У Мадж подкосились ноги. Он обманул ее. Ввел в искушение. Она уступила ему, и теперь не было пути назад. Молча, безнадежно опустив руки, женщина стояла, пока не услышала шум отъезжавшей машины.

На следующий день после отъезда мужа Мадж представилась возможность в полной мере почувствовать себя хозяйкой дома — прибыли первые рабочие. Представитель фирмы, приславшей рабочих для того, чтобы на месте старого теннисного корта разбить фруктовый сад, объяснил ей, что старые деревья поражены каким-то медовым грибком, поэтому нужно сменить участок.

В тот же день доставили новенькую автомашину бледно-голубого цвета с орнаментом в виде цветочков калины. Мадж взглянула на этот орнамент, и у нее екнуло сердце.

Снова позвонила Крис. Ее очень интересовало, где они были в воскресенье днем, когда она специально приезжала из Лондона, чтобы повидать свою новую «сестричку». У нее что-то случилось с телефоном, поэтому она не смогла их предупредить. А потом она поняла, что дети играли в спальне с удлинителем и оборвали его. Звонок Нади совершенно обескуражил ее.

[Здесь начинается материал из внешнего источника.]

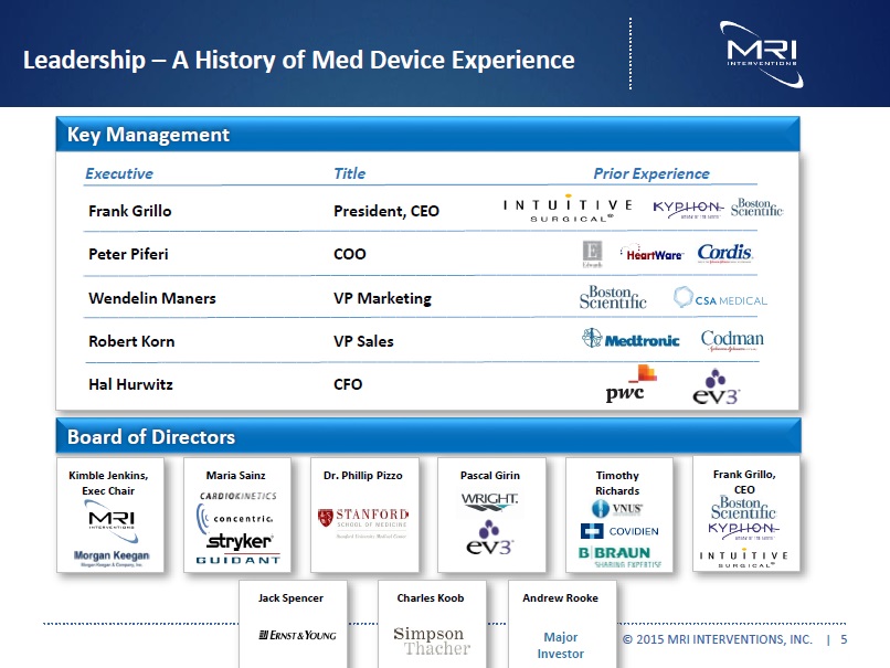 MRI Interventions: Real Time MRI Guided Surgery First-to-market technology platform enabling real-time MRI guided surgery; FDA-cleared, CE-marked and 40+ ClearPoint sites Focused commercialization of neuro platform underway, gaining traction; recent restructuring complete Attractive razor/razorblade business model with strong margins Compatible with all major MRI manufacturers; Interoperability w/ Medtronic, Monteris, neuro products Strong intellectual property portfolio Strong management team with extensive medical device commercialization experience: Intuitive, Medtronic, Kyphon, Boston Scientific, Edwards Lifescience, Cordis © 2015 MRI INTERVENTIONS, INC. | 4 |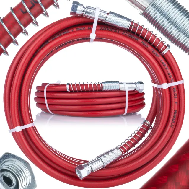 Rosfix Jeklen Cevni Povezovalnik za Barvni Agregat 10 m – Rdeč, 228 bar, 1/4'''' Navoj | Protiobrabna Zaščita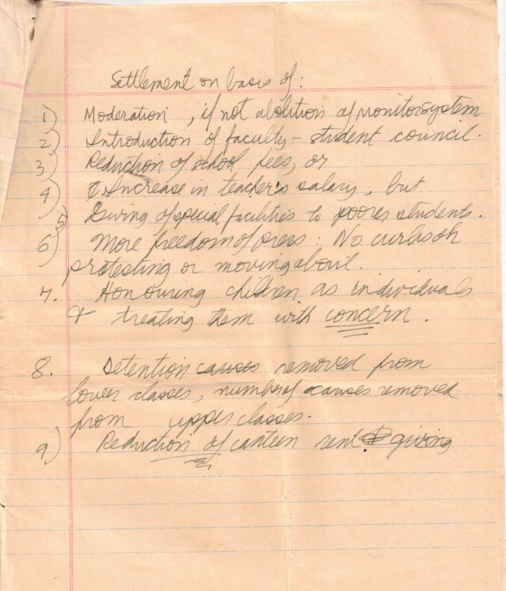 Our demands included: 1) A student union; 2) Abolition of the hall monitor system; 3) Reduction of tuition fees; 4) Scholarships for poor students; 5) Increasing teacher salaries; 6) Freedom of press for the student newspaper; 7) Reduction in the rent of the canteen. Kumar and I had put together the list after talking to fellow students, a few of the lay teachers told us how poorly they were paid, and the man who ran the canteen had complained his rent had been raised. The hall monitor system was widely hated; Class Ten boys were chosen as prefects and lorded it over other students with power to give out detentions.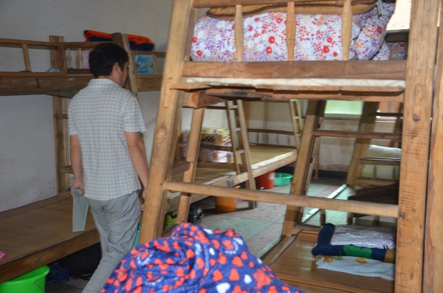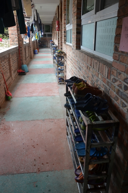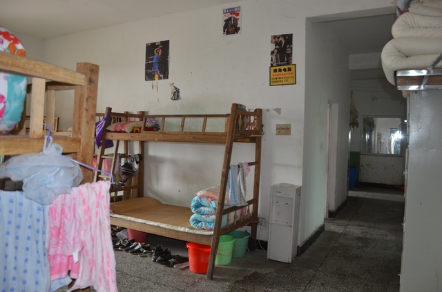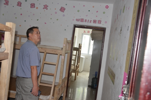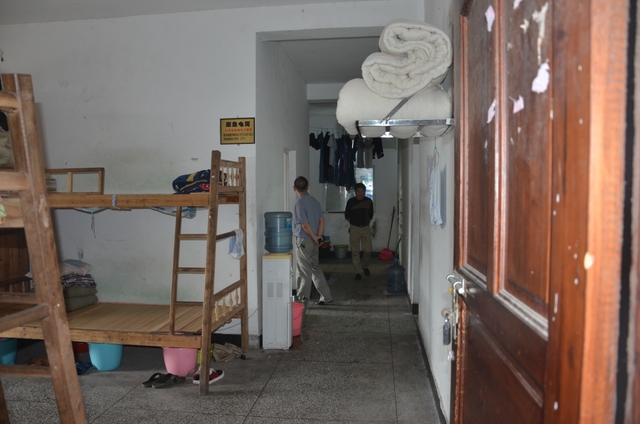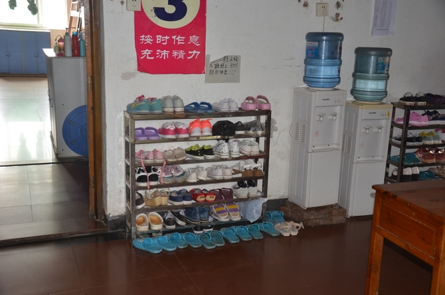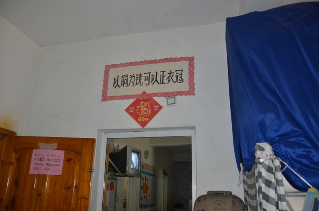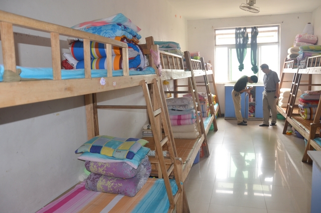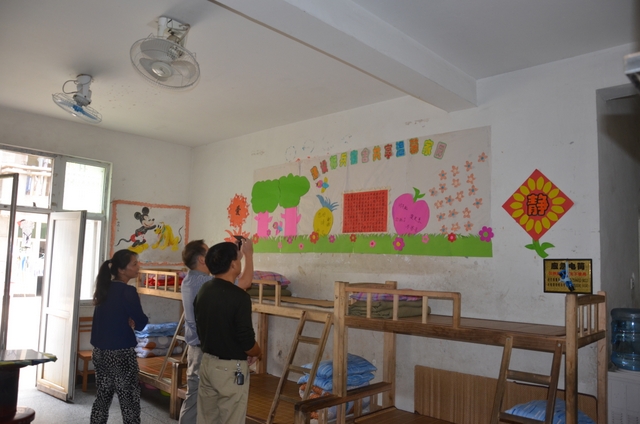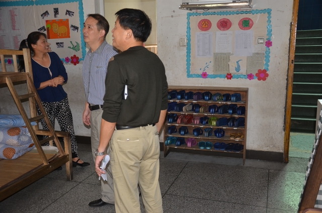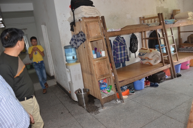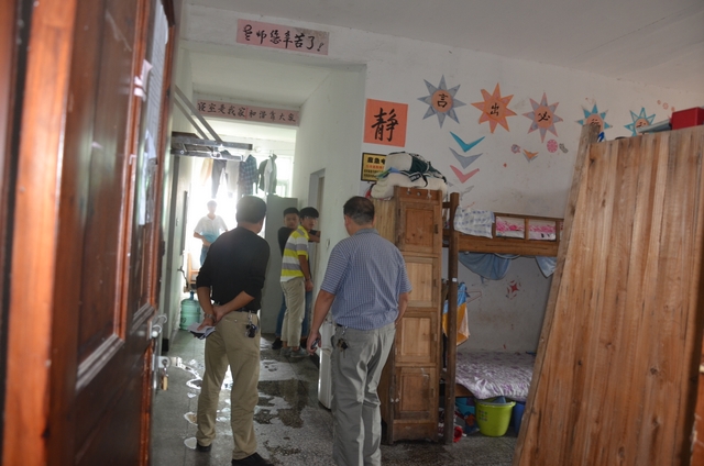 检查分八组进行。检查当中,笔者同周文根主任到几栋寝室去查看。所到之处,地面洁亮,物品摆放整齐,饮水机、电视机、门窗等擦拭干净,墙面整洁,卫生间无异味。西苑(小学部)、九号楼(女生)等最为出色,六号楼(高中部男生寝室)较以往也有显著进步。

— Передайте Олджи, что я устроила ему древесину для замка Ланфайэйнджел, — сказала Надя.

— Прощу прощения?

— Тис. Ну, знаете… Он был непреклонен в своем решении, что это должен быть тис, хотя я и пыталась уговорить его использовать дуб. Все мои усилия пропали даром. Он всегда делает так, как ему хочется. Да, и скажите ему, что я придумала, как защитить летучих мышей и сов при реставрационных работах. Я пришлю ему записку через пару дней.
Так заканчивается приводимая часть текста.